GCC 4.4.2 - GCC 4.4.2 (20090825). GCC 4.5.0 - GCC 4.5.0 (20090827). Here are the results: cputime minigzip_340_O1 testa.tif - 33.917 cputime minigzip_340_O2 testa.tif - 30.868 cputime minigzip_340_O3 testa.tif - 31.304 cputime minigzip_442_O1 testa.tif - 39.261 cputime minigzip_442_O2 testa.tif - 37.704 cputime minigzip_442_O3 testa.tif - 41.666 cputime minigzip_450_O1 testa.tif - 41.128 cputime minigzip_450_O2 testa.tif - 37.587 cputime minigzip_450_O3 testa.tif - 37.663
cputime minigzip_412_O1 testa.tif - 34.336 cputime minigzip_412_O2 testa.tif - 34.499 cputime minigzip_412_O3 testa.tif - 34.257 cputime minigzip_425_O1 testa.tif - 36.474 cputime minigzip_425_O2 testa.tif - 35.650 cputime minigzip_425_O3 testa.tif - 35.912 cputime minigzip_432_O1 testa.tif - 39.166 cputime minigzip_432_O2 testa.tif - 35.005 cputime minigzip_432_O3 testa.tif - 38.114
At least on i686 platform the difference is marginal (GCC flags: -O2 -march=pentium-m -fomit-frame-pointer, Intel Core Gen 2 CPU): GCC 3.4.6 real 0m15.859s user 0m15.662s sys 0m0.177s GCC 4.5.2 real 0m16.147s user 0m15.939s sys 0m0.187s I'm compressing a 400MB TAR archive containing miscellaneous binaries and documentation. So the issue is m68060 specific.
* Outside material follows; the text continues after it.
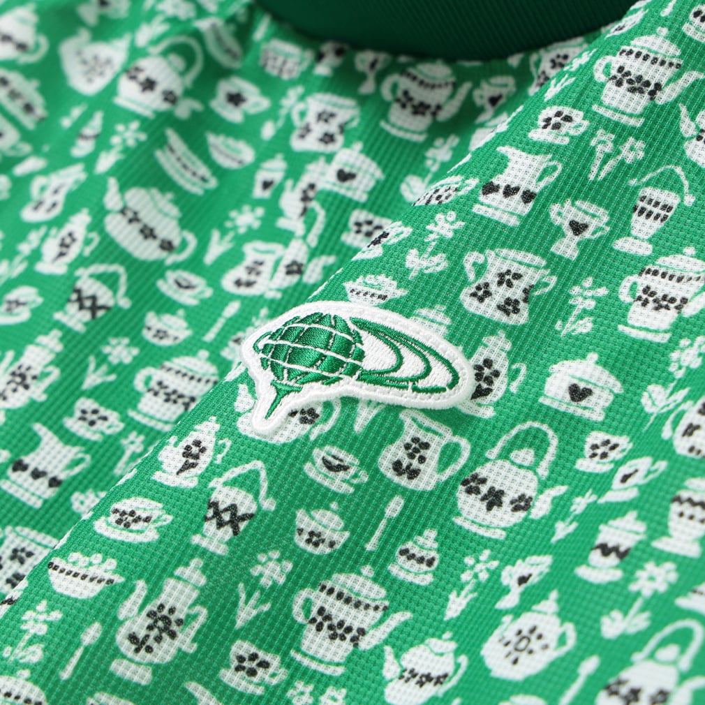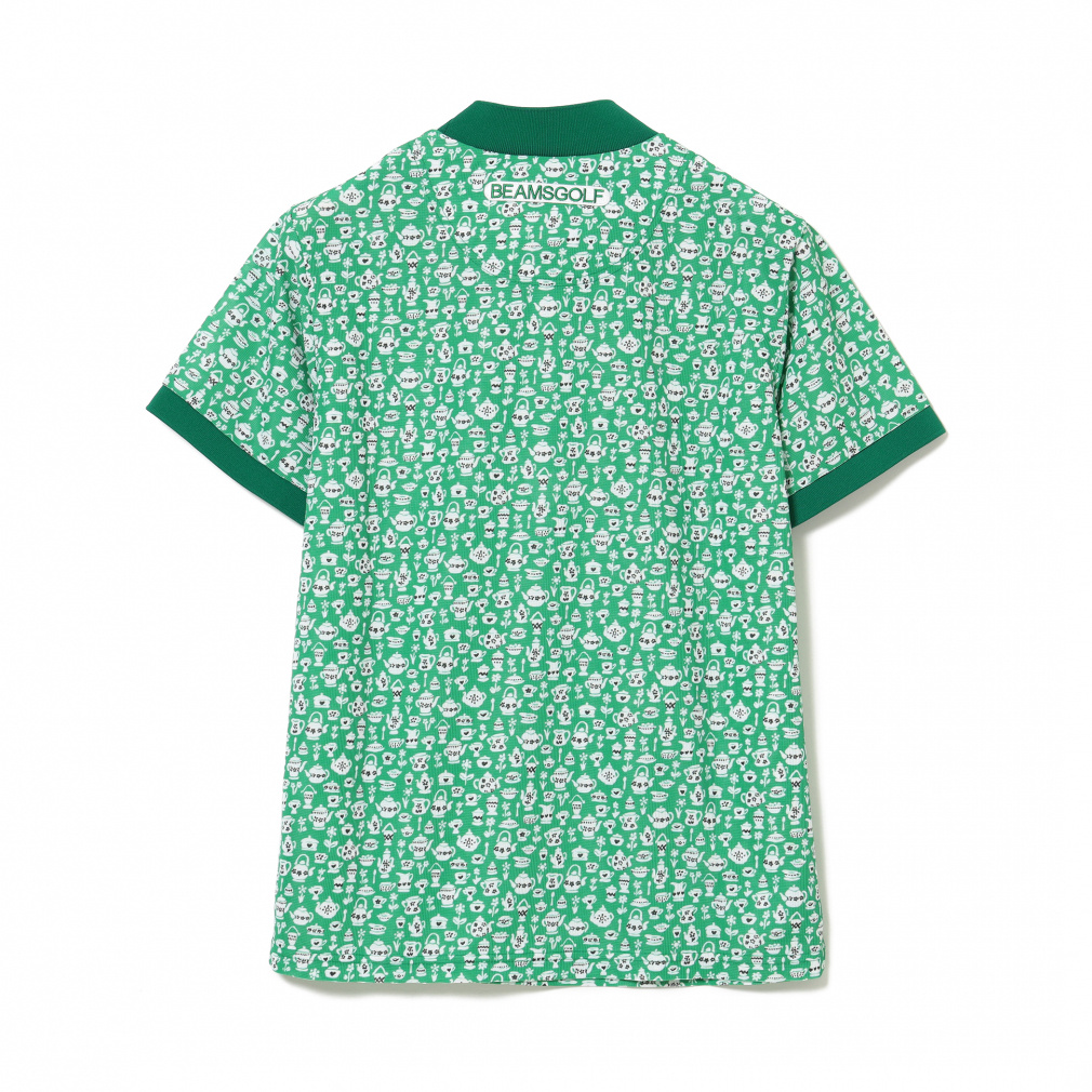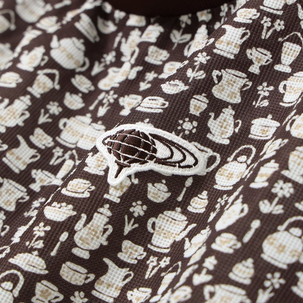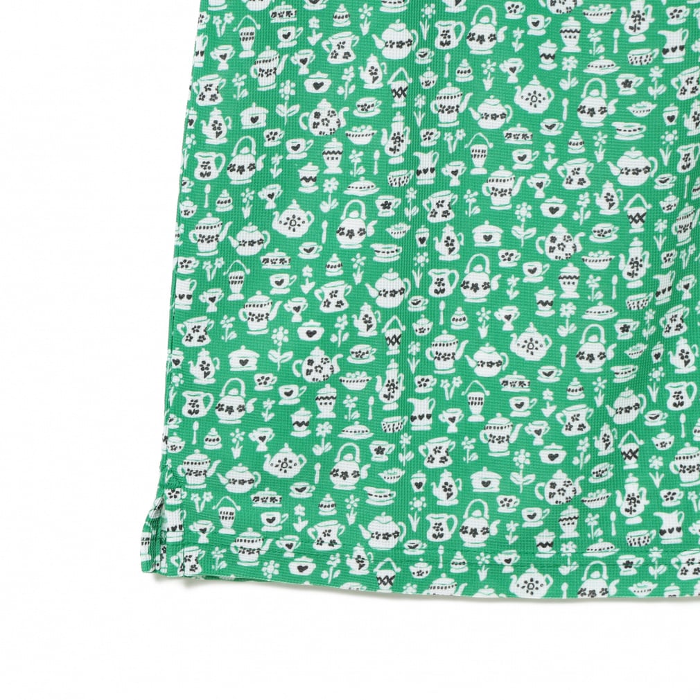 ◇BEAMS GOLFの2025年春夏のテーマ『DESSERT(デザート)』にぴったりのcafe柄プリントのモックネックシャツ。ティーパーティーをイメージしてデザインされたリバティ社のプリントパターン「スージー・エリザベス」をもとに、BEAMS GOLFオリジナルの柄を製作してもらいました。よく見ると手書きでお茶会に必要な食器の全てが描かれています。素材は、吸水速乾、UVカット機能付きの、薄く軽やかなメッシュ調の鹿の子。プリントの色合いも相まって上品でさわやかな印象です。リブ編みの襟と袖口がメリハリをつけ、襟元のギャザーがフェミニンさを添えています。

Can someone try to get new numbers?
4.4 branch is being closed, moving to 4.5.4 target.
GCC 4.6.4 has been released and the branch has been closed.
Without an in-depth analysis from someone with real hardware there's simply nothing we're going to be able to do here. Sadly we don't have good tools in the m68k world like valgrind, oprofile, etc which would allow for a good in-depth analysis of what's going on. And I've found performance testing within the anarym emulator to be too variable to be of any value. I'm closing as WONTFIX as that's the sad, unfortunate reality.